Work instruction: The lines to repeat are those below from the one containing "Piętro składa się" down to the one containing "Anpassning: Klipp ut", both included; reproduce them exactly and nothing else.

The records:
+ + + +

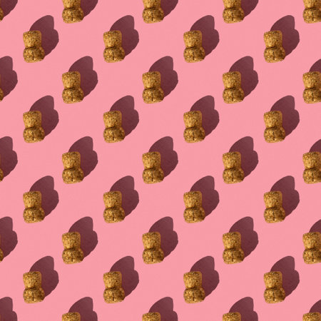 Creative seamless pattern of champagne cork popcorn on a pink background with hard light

+ + + +

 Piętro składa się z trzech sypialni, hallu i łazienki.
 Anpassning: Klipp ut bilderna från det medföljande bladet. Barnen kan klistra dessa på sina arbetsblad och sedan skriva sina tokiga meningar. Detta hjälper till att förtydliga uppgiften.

+ + + +

Solution for this exercise:
 Piętro składa się z trzech sypialni, hallu i łazienki.
 Anpassning: Klipp ut bilderna från det medföljande bladet. Barnen kan klistra dessa på sina arbetsblad och sedan skriva sina tokiga meningar. Detta hjälper till att förtydliga uppgiften.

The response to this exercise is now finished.